Create a new file index.js

index.js
const { Client, Intents } = require('discord.js')
// server stuff
const express = require('express')
const app = express()
const port = 3001 // we can change this to any port
app.get('/', (req, res) => {
console.log(Date.now() + ' Ping Received')
res.send('Hello World!')
})
app.listen(port, () =>
console.log(`Our bot is running at http://localhost:${port}`),
)
// some inits
const prefix = '!bot'
const client = new Client({
intents: [Intents.FLAGS.GUILDS, Intents.FLAGS.GUILD_MESSAGES],
})
// Actual BOT Code
client.on('ready', () => {
console.log('Bot is ready') // indicates that bot is ready to receive commands
})
client.on('messageCreate', (message) => {
// listens on every message created on the server
const { content } = message
if (content.startsWith(prefix)) {
// checks if message starts with prefix
const commandParts = content.split(' ') // ["!bot", "ping"]
const target = commandParts[1] // "ping"
switch (target) {
case 'ping':
message.reply('pong')
break
}
}
})
const DISCORD_TOKEN = '' // paste the token here
client.login(DISCORD_TOKEN)

Explanation of some sections of the code:

  • Server stuff - This is when we’ll actually host the bot on a server.
  • Prefix - So we can differentiate between ping and !bot ping and bot will know which messages to reply.
  • Intents - Are events that the bot will subscribe to. List of all intents is listed here ↗️
  • DISCORD_TOKEN - This is the token from the bot we created on the Discord application site.
DISCORD_TOKEN

is private so don’t push it to a public repository.

Command to start the bot

Go to package.json and add the following.

package.json
{
"name": "first-discord-bot",
"version": "1.0.0",
"description": "",
"main": "index.js",
"scripts": {
"test": "echo \"Error: no test specified\" && exit 1",
"start": "node index.js"
},
"keywords": []
// ...
}

When we do yarn start we should see the following.

yarn-start-copy

Adding the bot to a server

Copy the CLIENT ID mentioned earlier. Replace the “CLIENT_ID” in the url below and paste it in your browser.

https://discordapp.com/api/oauth2/authorize?scope=bot&client_id=CLIENT_ID

This will ask which server to add the bot.

add-bot

Once you’ve added your bot, run yarn start and try sending !bot ping.

bot-reply

Terminate the bot by doing ctrl+c since we’ll be hosting it on the next part.

Hosting the bot

The bot is finally ready and we just need to host it on a server since we need to run it 24/7. Unless you’ll host the bot in your own pc 😅.

We’ll be using repl.it ↗️ to host our bot server.

You can create a new repl or import from github. We’ll be creating a new repl right now since the import is very straight forward.

new-repl

create-or-import

You may notice that the node version installed is v12 but we need v14+. Don’t worry since we’ll be using the node we installed with our project.

Copy and paste the code to repl. We already have index.js so we only need to create a package.json.

add-file

Another file we will create is .replit.

.replit
language = "nodejs"
run = "node_modules/.bin/node index.js"

This tells repl to use the node version installed in our project instead of the node version of repl which is only v12.

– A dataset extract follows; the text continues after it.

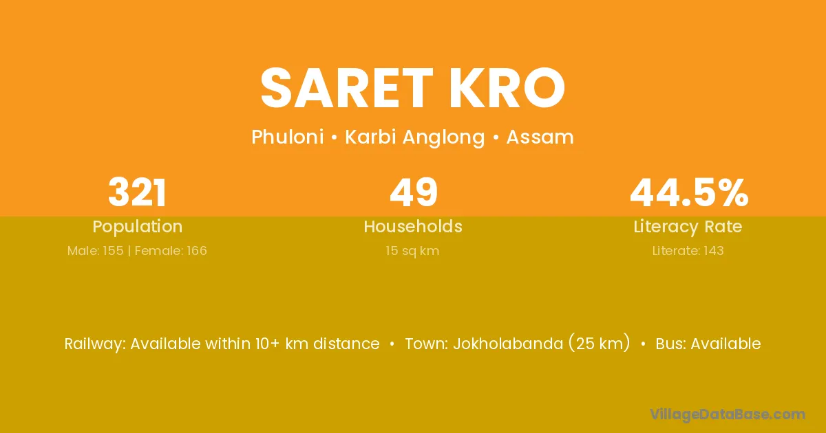 Jokholabanda (25 km) is the nearest town to Saret Kro village for major economic activities and is located approximately 25 km away.

Once that’s done just click on Start.

running-bot

process.env.DISCORD_TOKEN

You may notice I have this instead.

The repl is public and the token should be kept private so we’ll move it to the Secrets section instead.

secrets

The variables can be access by process.env.VAR_NAME inside the actual code.

Making the bot live forever

Repl server shuts down after an hour or something of idle so we need to always ping it to make it active. We’ll be using uptimerobot ↗️ to make our bot live forever. What this service does is that it pings our server every 15 minutes.

Click on “Add New Monitor”.

uptimerobot

The URL we put here is the url generated when we start our repl. Set interval to 5 minutes and select the email to alert.

ping-url

And that’s it. You have now a Discord bot that should run forever.

Disclaimer: We’re just using a free version of repl but so far my bots are running just fine.

This is just a simple Discord bot but you can do so more like scheduled messages, more styles messages, messages with images, assign roles and many more.